PROBLEM: Only the text belongs in the copy. Transcribe the data exactly and drop any pictures.

:: PROVIDED MATERIAL

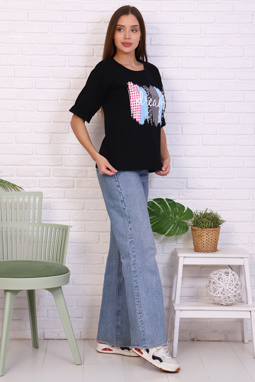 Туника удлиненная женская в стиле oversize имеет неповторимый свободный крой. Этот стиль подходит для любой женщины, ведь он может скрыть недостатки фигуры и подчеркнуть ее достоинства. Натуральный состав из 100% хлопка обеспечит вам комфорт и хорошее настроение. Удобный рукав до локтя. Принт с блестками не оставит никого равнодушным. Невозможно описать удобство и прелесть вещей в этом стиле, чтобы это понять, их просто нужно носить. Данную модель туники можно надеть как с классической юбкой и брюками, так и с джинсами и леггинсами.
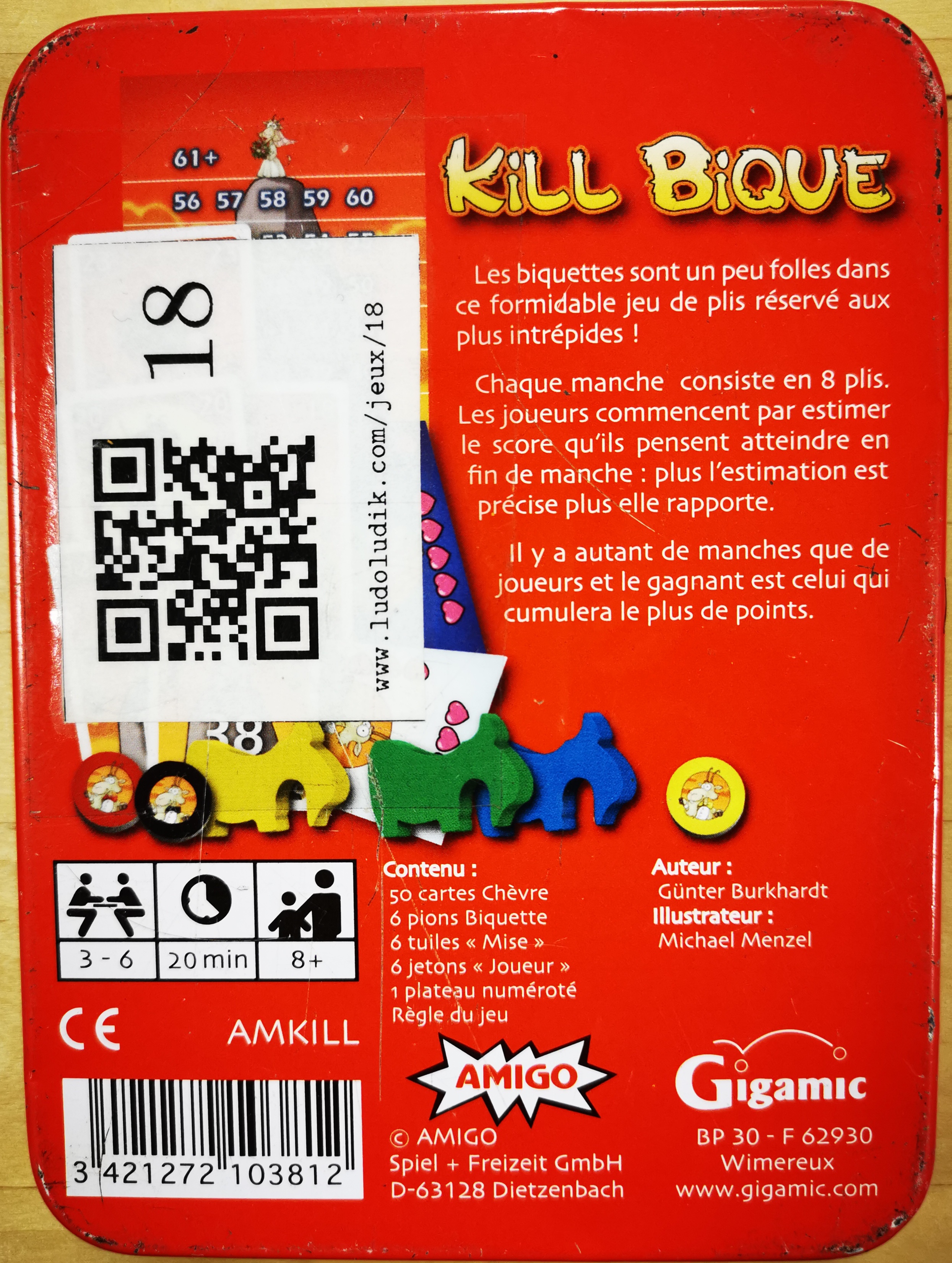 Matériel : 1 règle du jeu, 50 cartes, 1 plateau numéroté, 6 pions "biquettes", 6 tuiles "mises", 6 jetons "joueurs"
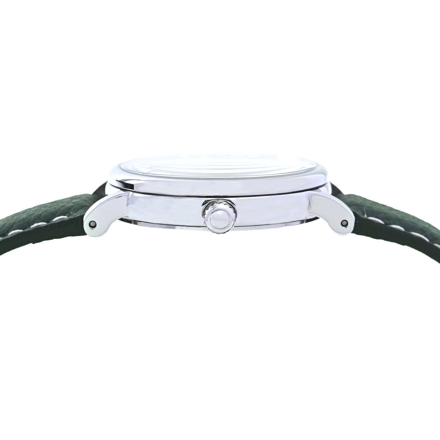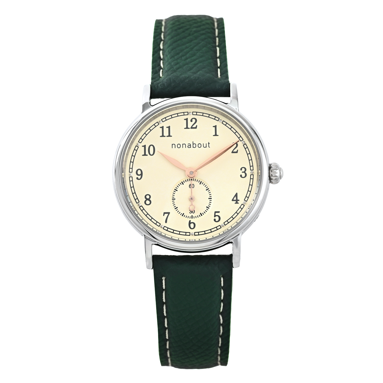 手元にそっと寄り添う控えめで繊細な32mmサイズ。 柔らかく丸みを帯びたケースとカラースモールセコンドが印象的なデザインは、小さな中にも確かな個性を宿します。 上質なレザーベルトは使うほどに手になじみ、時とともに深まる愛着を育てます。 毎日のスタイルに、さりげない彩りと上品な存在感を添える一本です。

::::

OUTPUT FOR THIS TASK:
 Туника удлиненная женская в стиле oversize имеет неповторимый свободный крой. Этот стиль подходит для любой женщины, ведь он может скрыть недостатки фигуры и подчеркнуть ее достоинства. Натуральный состав из 100% хлопка обеспечит вам комфорт и хорошее настроение. Удобный рукав до локтя. Принт с блестками не оставит никого равнодушным. Невозможно описать удобство и прелесть вещей в этом стиле, чтобы это понять, их просто нужно носить. Данную модель туники можно надеть как с классической юбкой и брюками, так и с джинсами и леггинсами.
 Matériel : 1 règle du jeu, 50 cartes, 1 plateau numéroté, 6 pions "biquettes", 6 tuiles "mises", 6 jetons "joueurs"
 手元にそっと寄り添う控えめで繊細な32mmサイズ。 柔らかく丸みを帯びたケースとカラースモールセコンドが印象的なデザインは、小さな中にも確かな個性を宿します。 上質なレザーベルトは使うほどに手になじみ、時とともに深まる愛着を育てます。 毎日のスタイルに、さりげない彩りと上品な存在感を添える一本です。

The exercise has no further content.